[RECORDS FOR THIS TASK]

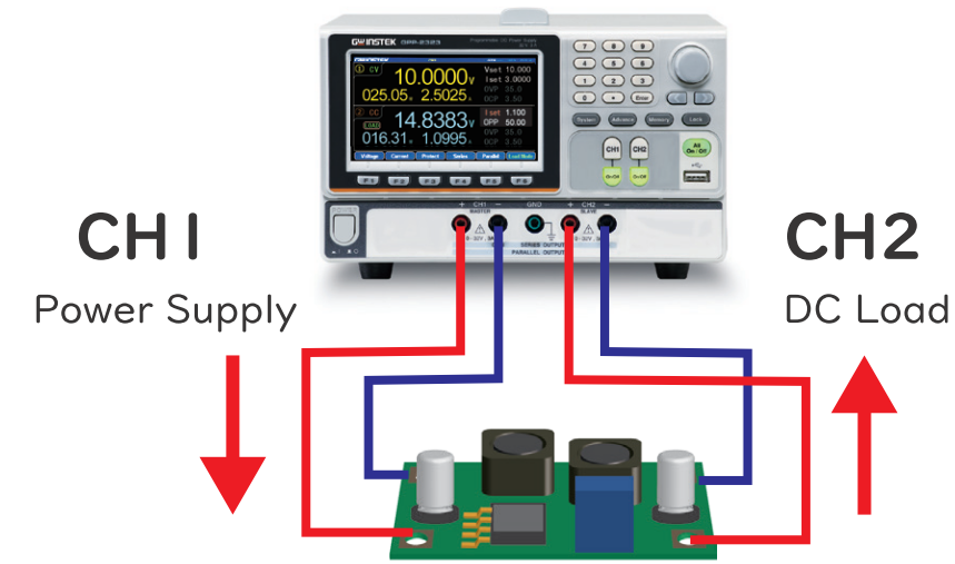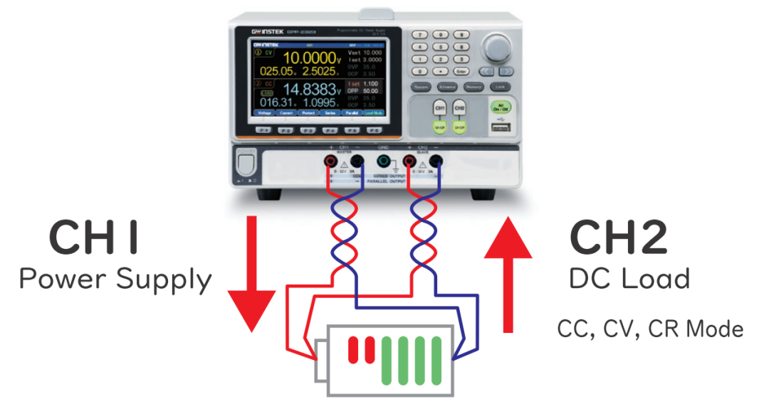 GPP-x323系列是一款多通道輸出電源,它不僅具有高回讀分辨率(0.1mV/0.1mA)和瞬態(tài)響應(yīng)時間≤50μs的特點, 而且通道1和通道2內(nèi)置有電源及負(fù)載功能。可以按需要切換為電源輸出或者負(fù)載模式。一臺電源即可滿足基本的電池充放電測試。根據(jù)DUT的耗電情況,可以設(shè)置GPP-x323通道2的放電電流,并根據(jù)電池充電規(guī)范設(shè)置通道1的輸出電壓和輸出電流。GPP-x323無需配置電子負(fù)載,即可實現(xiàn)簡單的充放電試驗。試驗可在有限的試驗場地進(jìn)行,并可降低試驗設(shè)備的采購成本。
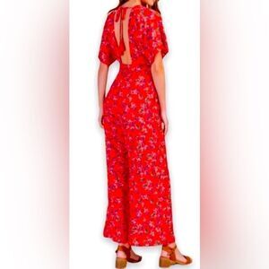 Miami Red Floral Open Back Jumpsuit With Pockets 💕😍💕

[/RECORDS FOR THIS TASK]
[RECORDS FOR THIS TASK]

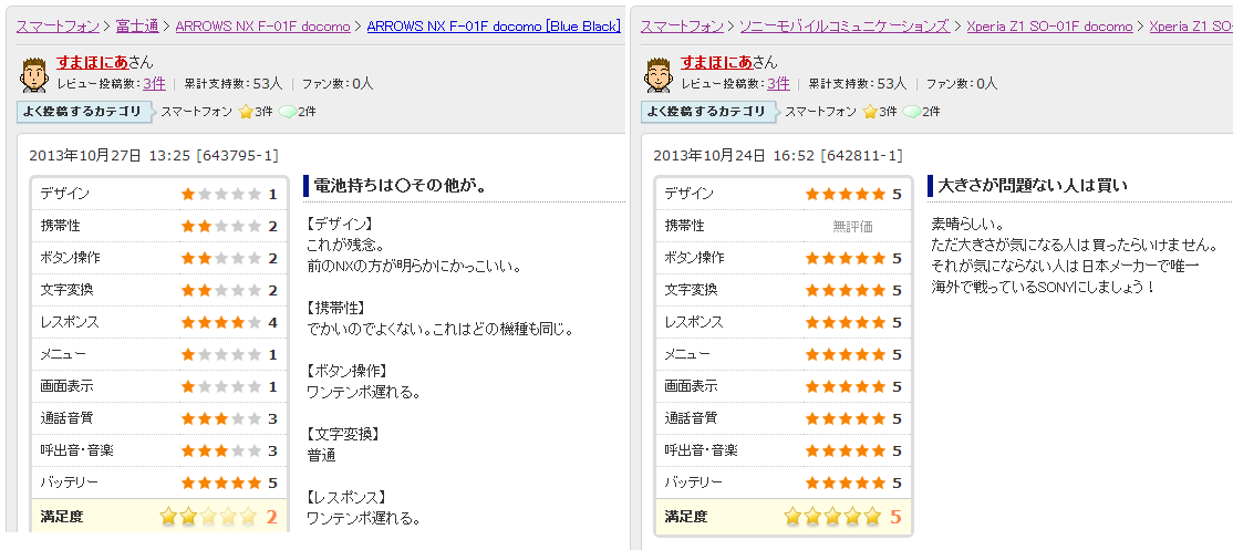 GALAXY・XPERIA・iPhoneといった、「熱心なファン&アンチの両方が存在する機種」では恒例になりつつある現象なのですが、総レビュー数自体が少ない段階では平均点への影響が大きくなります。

[/RECORDS FOR THIS TASK]

REQUIRED WORK> What is needed is an exact copy of the lines above from the one with "GPP-x323系列是一款多" to the one with "Miami Red Floral", both ends kept, and nothing more; please leave the pictures out.

ANSWER TO THIS EXERCISE>
 GPP-x323系列是一款多通道輸出電源,它不僅具有高回讀分辨率(0.1mV/0.1mA)和瞬態(tài)響應(yīng)時間≤50μs的特點, 而且通道1和通道2內(nèi)置有電源及負(fù)載功能。可以按需要切換為電源輸出或者負(fù)載模式。一臺電源即可滿足基本的電池充放電測試。根據(jù)DUT的耗電情況,可以設(shè)置GPP-x323通道2的放電電流,并根據(jù)電池充電規(guī)范設(shè)置通道1的輸出電壓和輸出電流。GPP-x323無需配置電子負(fù)載,即可實現(xiàn)簡單的充放電試驗。試驗可在有限的試驗場地進(jìn)行,并可降低試驗設(shè)備的采購成本。
 Miami Red Floral Open Back Jumpsuit With Pockets 💕😍💕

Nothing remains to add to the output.